La rivelazione di Giovanni induce i due a seguire Gesù. Tuttavia le parole del Battista non sono
sufficienti a far superare la soglia che introduce nella realtà del credente: la stessa esperienza
personale, intima e profonda, deve essere vissuta da Andrea e Giovanni per fare di loro dei discepoli
del Cristo. La stessa sequela, da sola, non è sufficiente ma chiede di essere costantemente
supportata dalla domanda che Gesù rivolge loro: Che cosa cercate? La domanda non verte su Gesù,
ma su coloro che lo seguono, chiamando in causa l’autenticità della loro ricerca, il loro desiderio. Si
può seguire Gesù per molti motivi: la curiosità, il desiderio di apparire, il bisogno di sicurezza o di
appartenenza, il rifiuto di una realtà che ci circonda e che non ci piace … Conoscere il motivo che
spinge alla sequela è indispensabile per l’autenticità di questa. La domanda è posta altre volte nel
Vangelo di Giovanni e qui anticipa quelle formulate da Gesù nella notte del Gestemani (18,4-8) e la
mattina di Pasqua a Maria di Magdala (20,15): Chi cerchi? Gesù è trovato in maniera diversa
secondo i motivi che muovono coloro che lo cercano. Ci sono quelli che, nel giardino al di là del
Cedron, cercano “Gesù il Nazareno” per arrestarlo e condurlo alla morte. Lo troveranno ma,
nonostante la rivelazione della sua divinità espressa nella triplice affermazione del “io sono”, non lo
riconosceranno.

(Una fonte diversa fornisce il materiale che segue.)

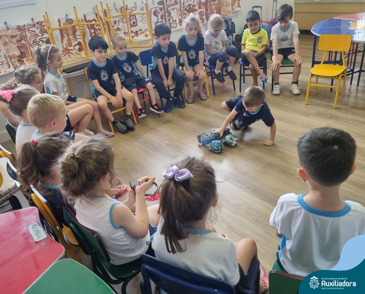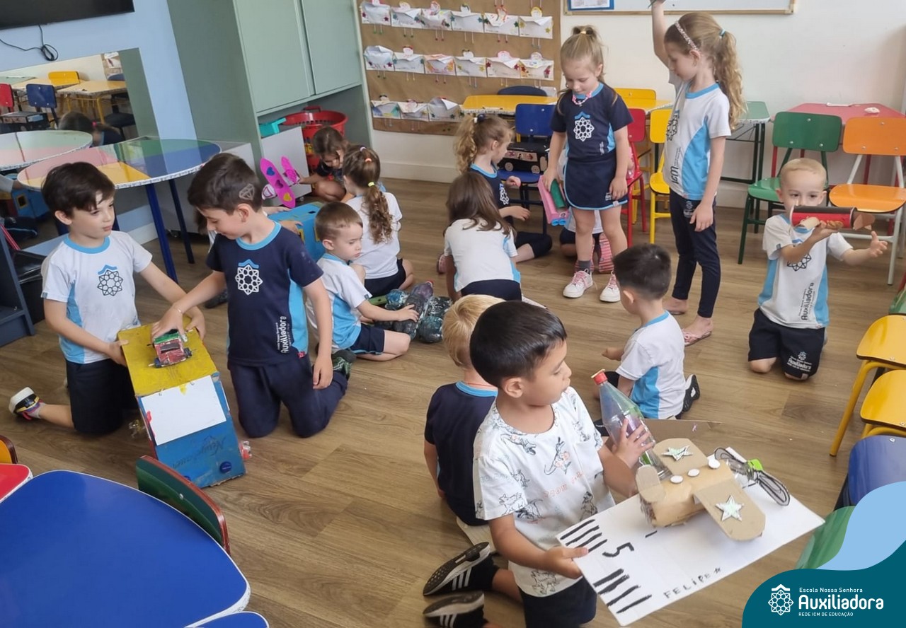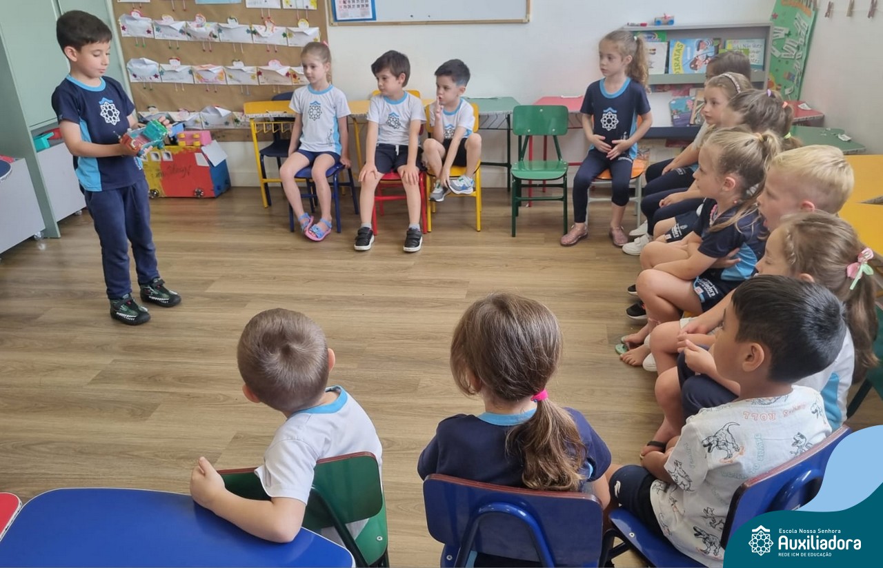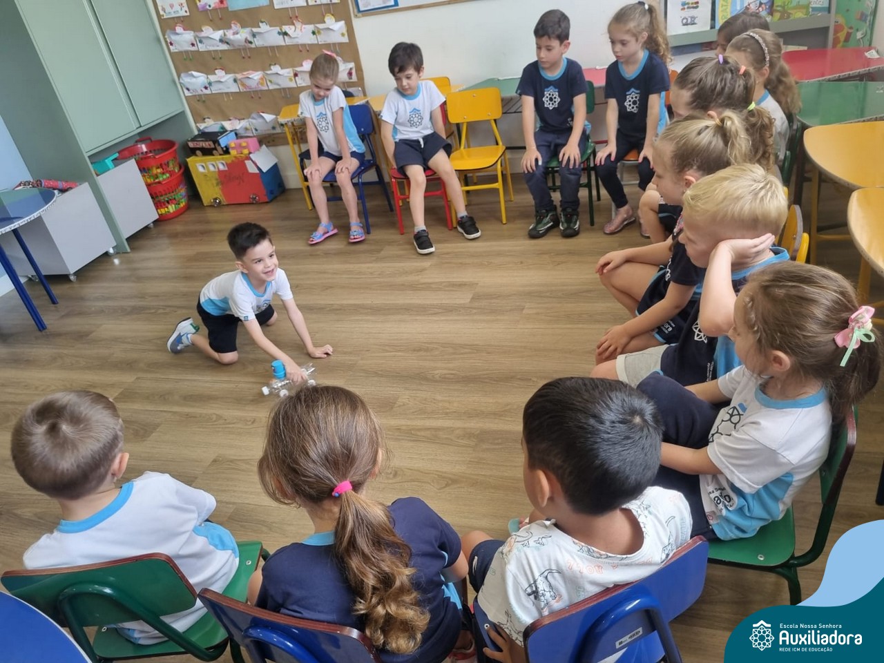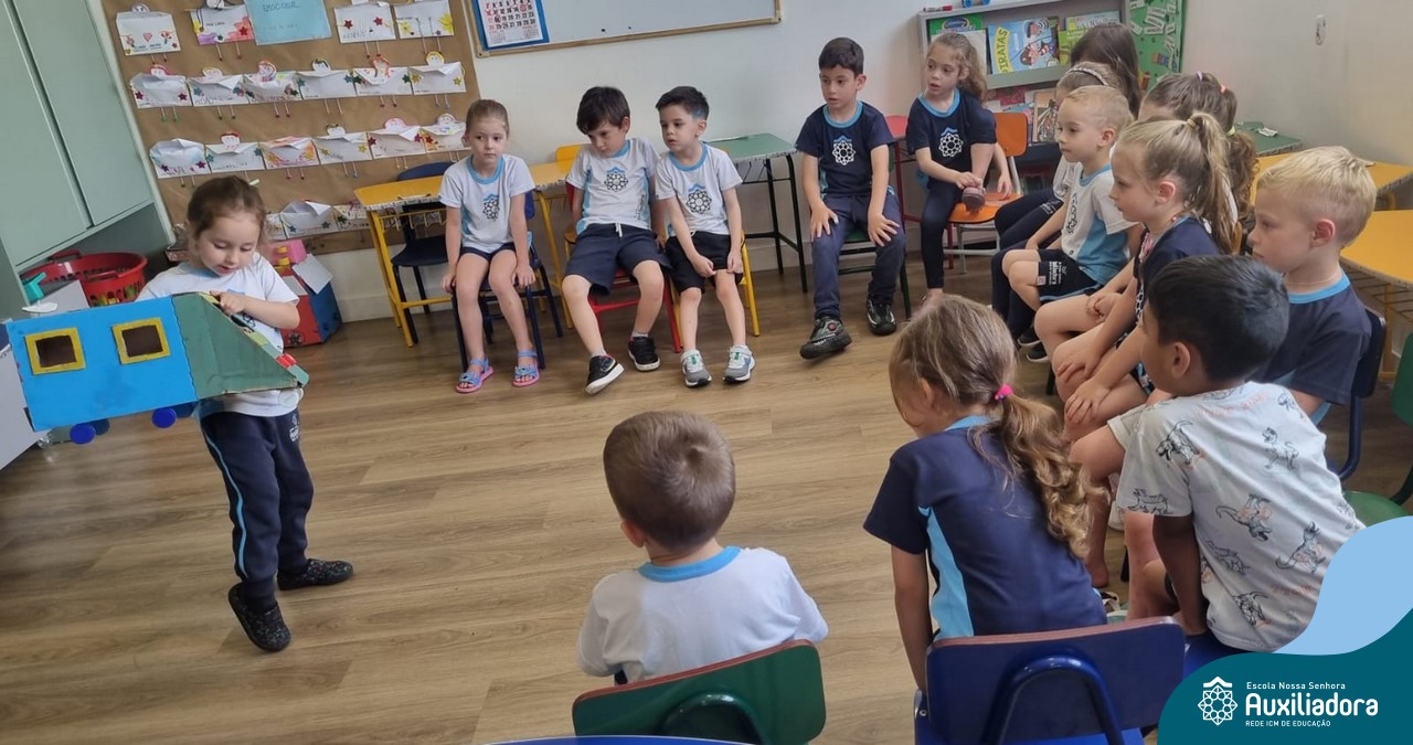 Encerramos com grande entusiasmo a proposta sobre os meios de transporte, realizada em parceria com as famílias. As crianças tiveram a oportunidade de construir, com materiais alternativos, seus próprios meios de transporte, que foram apresentados com muita criatividade e empenho para a turma e para a professora. Foi gratificante observar o resultado desse desafio, que uniu conhecimento, exploração e colaboração. Parabenizamos as famílias pelo engajamento e por tornarem esse momento ainda mais especial e significativo para nossas crianças!

Lo riconoscerà invece una donna in un altro giardino, non quello degli ulivi, bensì
quello in cui si apre la tomba vuota. E lo riconoscerà senza la triplice rivelazione della sua divinità
ma per essersi sentita chiamata per nome. L’esperienza di un’intimità che conduce alla conoscenza
del Cristo è nel nostro testo rappresentata dalla casa e dal desiderio espresso dai discepoli attraverso
la domanda “Maestro, dove abiti?”. L’invito di Gesù e a “vedere”, cioè a lasciarsi condurre
attraverso una sequela che coinvolge totalmente la persona e si fa esperienza di vita e di comunione.

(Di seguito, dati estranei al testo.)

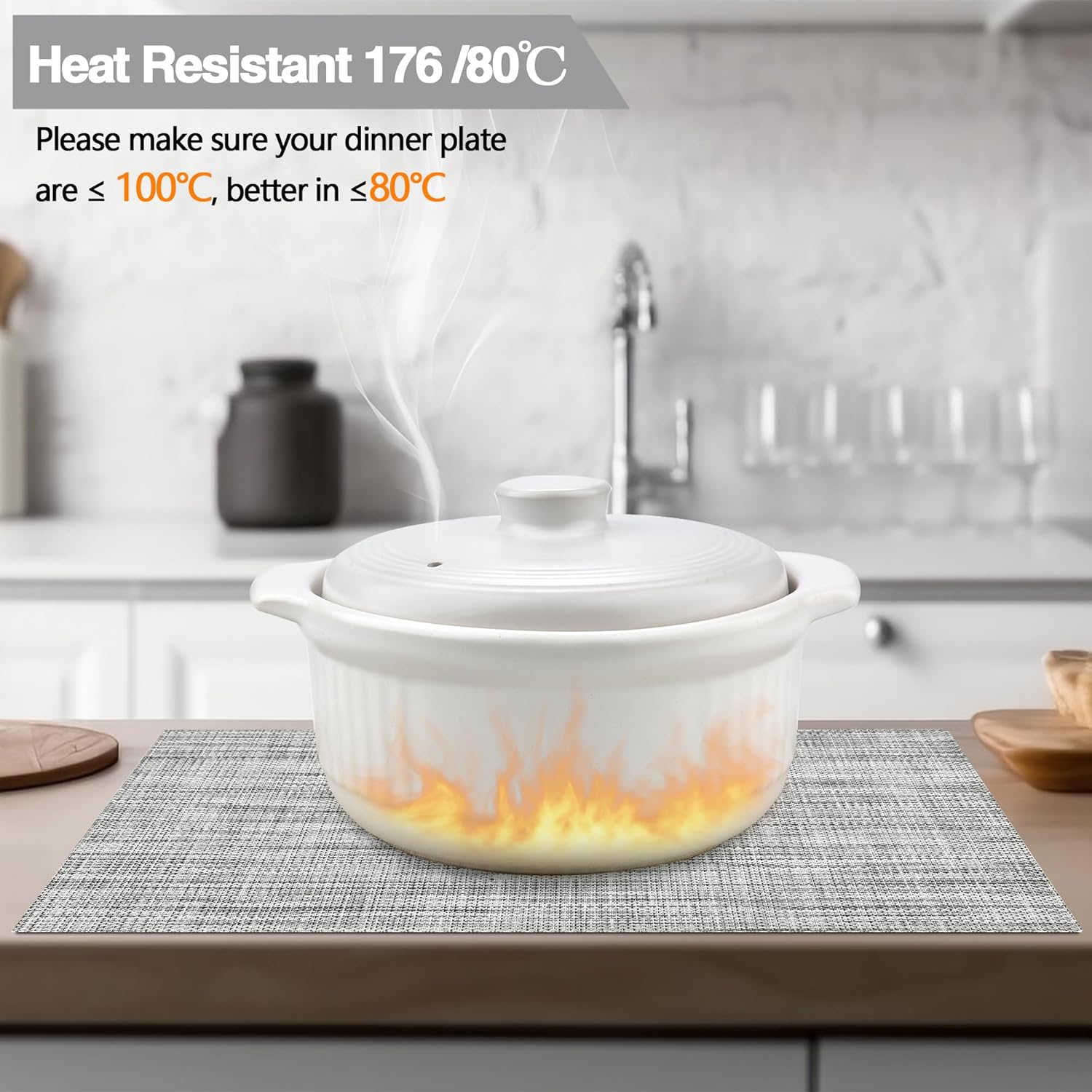 - Heat Resistant: Please make sure your dinner plate are ≤ 100℃, better in ≤80℃. It can prevent the table from slipping and scalding the countertop. These beautiful stylish vinyl place mats to add more fun to your dining table
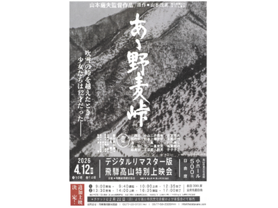 【飛騨高山・岐阜県高山市】「あゝ野麦峠」デジタルリマスター版 飛騨高山特別上映会 ≪同時開催≫ 沖野 清「野麦峠を越えた女工たち」展 開催
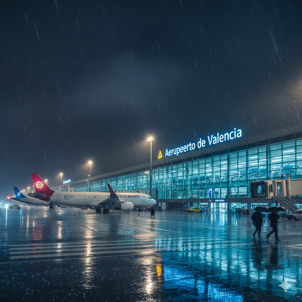 Etiquetas: lluvia Valencia, aeropuerto de Manises, vuelos desviados, Metrovalencia, aviso rojo, Ribera Alta
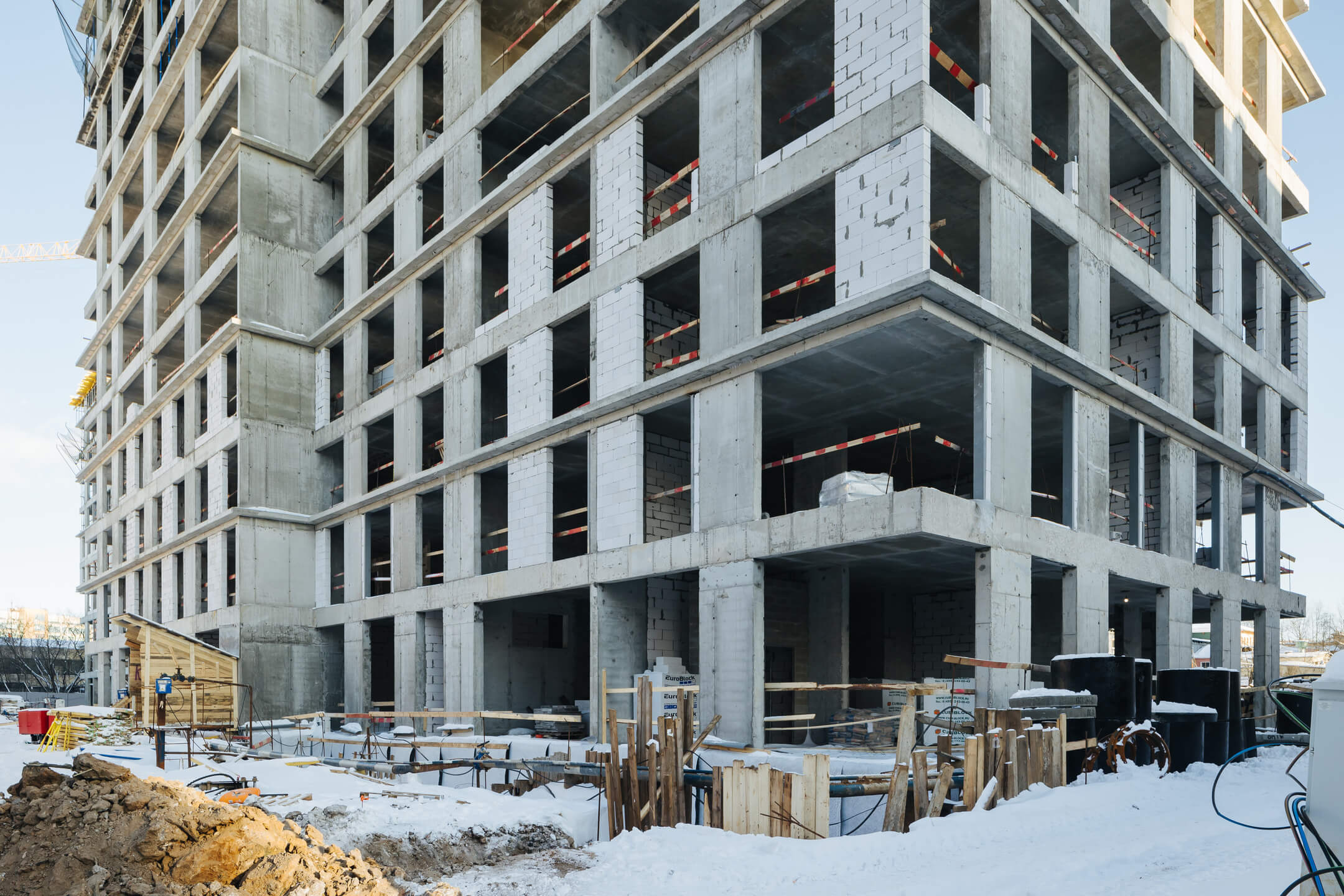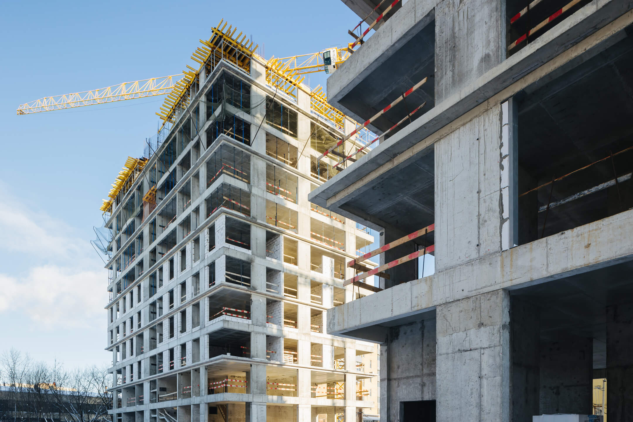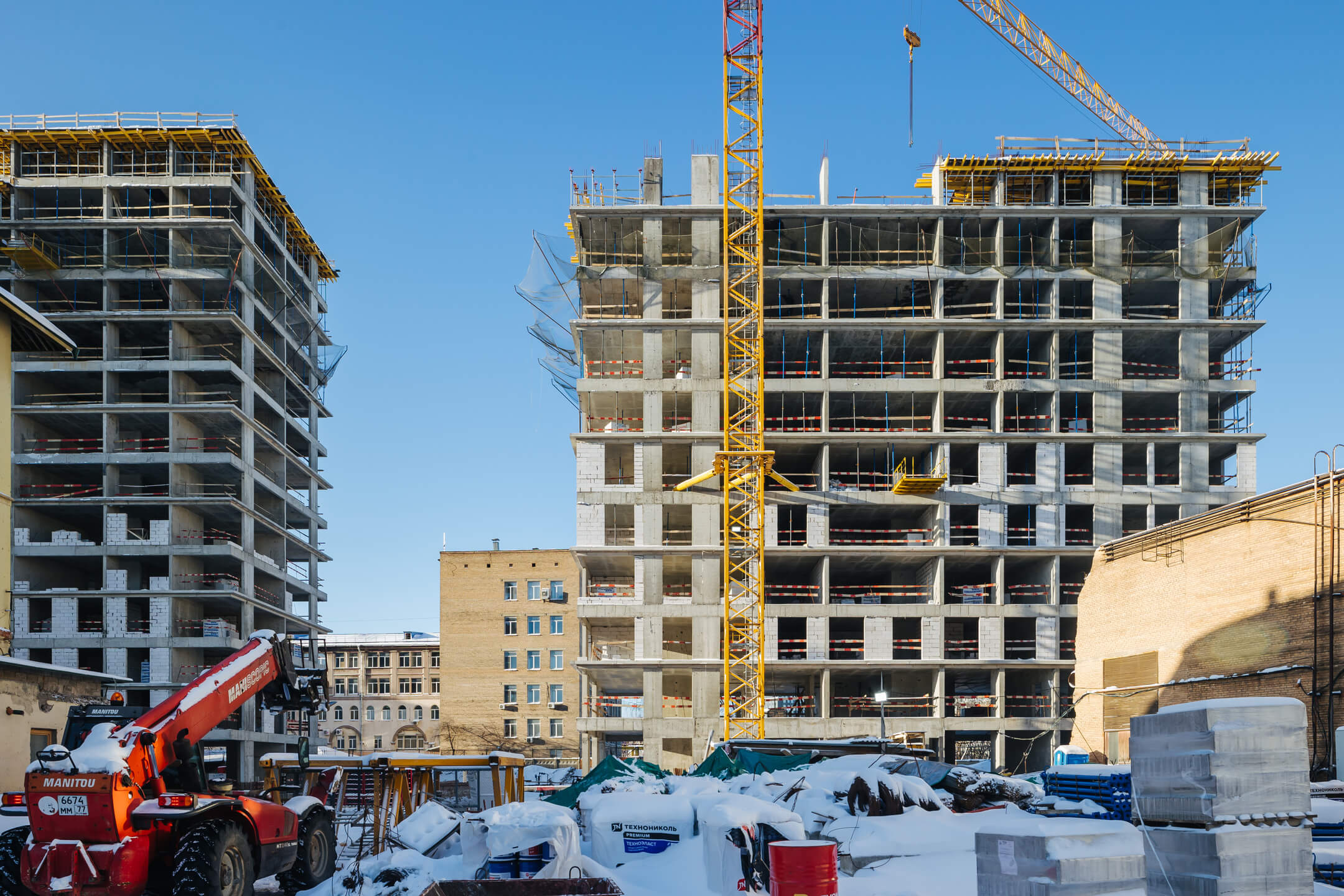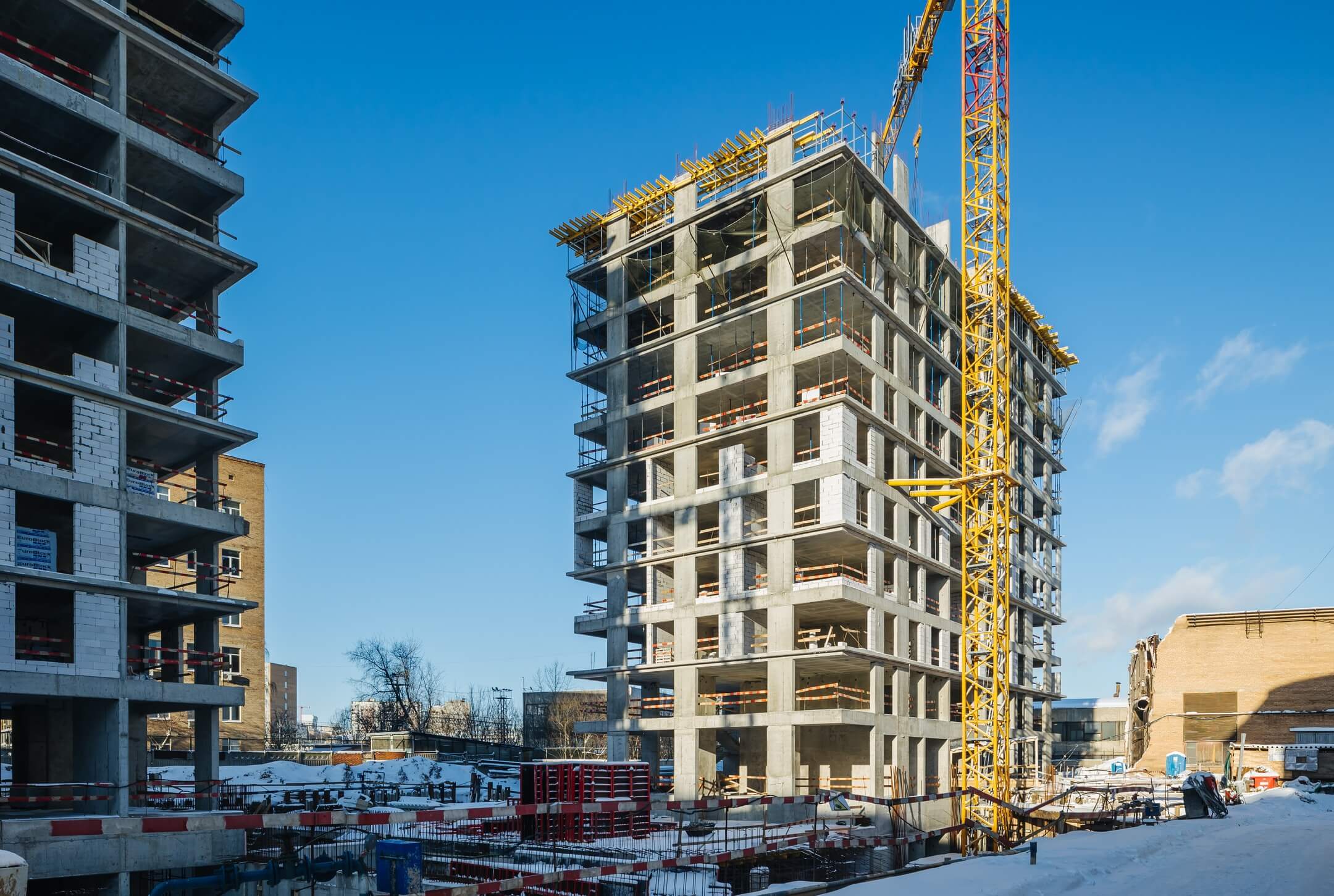 Этап 1.1 (корп. 1 и 2): ведутся работы по армированию/бетонированию плит перекрытия 11-13 этажей и вертикальных конструкций 12-14 этажей, а также кладочные работы на 2, 3, 4, 5, 6 этажах.

È essenziale sapere dove Gesù “abita”, perché là dove Gesù è a casa sua, anche il discepolo riceverà
la sua dimora: Nella casa del Padre mio vi sono molti posti. Se no, ve l'avrei detto. Io vado a
prepararvi un posto;quando sarò andato e vi avrò preparato un posto, ritornerò e vi prenderò con
me, perché siate anche voi dove sono io. E del luogo dove io vado, voi conoscete la via (Gv 14,2-3).
Il rapporto tra Gesù e i discepoli è permanente, essi vanno e rimangono con lui. Questo fermarsi è il
momento che apre il discepolo alla rivelazione del Figlio di Dio e lo stabilisce in un rapporto vitale:
Rimanete nel mio amore. Se osserverete i miei comandamenti, rimarrete nel mio amore, come io ho
osservato i comandamenti del Padre mio e rimango nel suo amore. Questo vi ho detto perché la
mia gioia sia in voi e la vostra gioia sia piena (Gv 15,9). La menzione dell’ora (erano circa le
quattro del pomeriggio) è anch’essa associata all’esperienza della rivelazione ed è tipica della
teologia del quarto Vangelo (cfr. Gv 2,4;4,6.52-53;13,1;19,14.27). la menzione del giorno,
l’indicazione dell’ora a proposito del “venire”, “vedere” e “rimanere” dei due discepoli di Giovanni
che si affidano alla guida del Maestro Gesù ci dice che la rivelazione è cominciata e con essa la
salvezza per tutti coloro che la cercano nella verità.